Mobilegeddon: Hidden Effects on Desktop Sites
When Google announced their new Mobilegeddon guidelines – a series of mobile-friendly optimization requirements that was supposed to affect websites’ mobile search rankings on Google – the natural inclination for most businesses was to quickly adhere to those stipulations so as not to fall behind the competition when mobile users searched for their sites and keywords.
However, that fear may have been misplaced.
Mobile friendliness is obviously an important quality to have for your website; the amount of web browsing and eCommerce activity that takes place on mobile devices is constantly on the rise. However, what people failed to notice – and Google failed to tell us – is that mobile searches are not the only thing affected by mobile friendliness. In a series of tests that Catchpoint conducted last month, we discovered that the effects will be felt the most by your desktop site.
Google has said in the past – regarding desktop sites – that their search algorithm would indeed take performance into account when compiling its results. Thus, we wanted to see if the same emphasis on performance applied to the new mobile search guidelines as well.
With that in mind, we created 36 different pages of unique content, each with one of 12 unique keywords, so that each keyword existed on three different sites: two mobile sites and one desktop site. For each keyword, we then implemented different design and page construction elements, including throttling techniques of both base HTML and Javascript elements, to artificially slow some pages down more than others. Once the pages were constructed, we conducted a series of searches from both mobile and desktop devices and tracked the rankings of each.
The results were pretty illuminating.
The first thing we noticed – the thing that we were looking for – was that performance seemed to play little to no factor in the mobile sites’ search rankings. Fast HTML pages were ranked ahead of their slower HTML counterparts more often than not, but not exclusively, either. And slowed-down Javascript elements on the pages had no impact whatsoever. Additionally, desktop sites – aka those which were not mobile-friendly – came in last across the board, regardless of the speed of their base HTML. This confirmed what Google had been telling us.

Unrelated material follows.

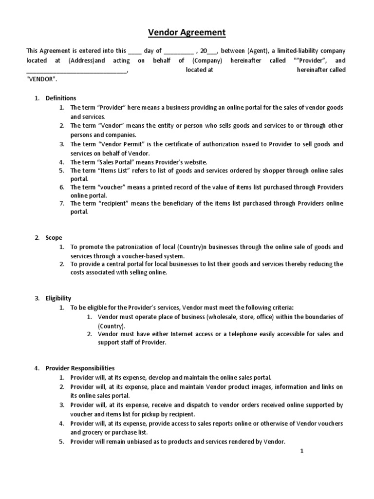 A Vendor Agreement Is A Legally Binding Document Between A Vendor And A Customer That Outlines The Terms Of A Specific Service Or.

However, the real kicker came when we conducted the same searches of each keyword on desktop computers and got the EXACT same results. In every instance, the desktop sites – whether they were fast or slow – came in behind both the fast and slow versions of their mobile site counterparts.
In the graph above, you can see the average rankings of the different types of pages across both the mobile (orange) and desktop (blue) searches. Not only are the mobile sites all nearly even with regard to where they appear in the rankings while the desktop sites finish last every time, but there’s no difference between those searches conducted on mobile devices and those on desktop computers.
The conclusion to draw from this is perfectly clear: mobile optimization is of the utmost importance, and site developers have to take it into account regardless of how much mobile traffic they anticipate. Failing to do so will lead to serious ramifications when users search for your keywords.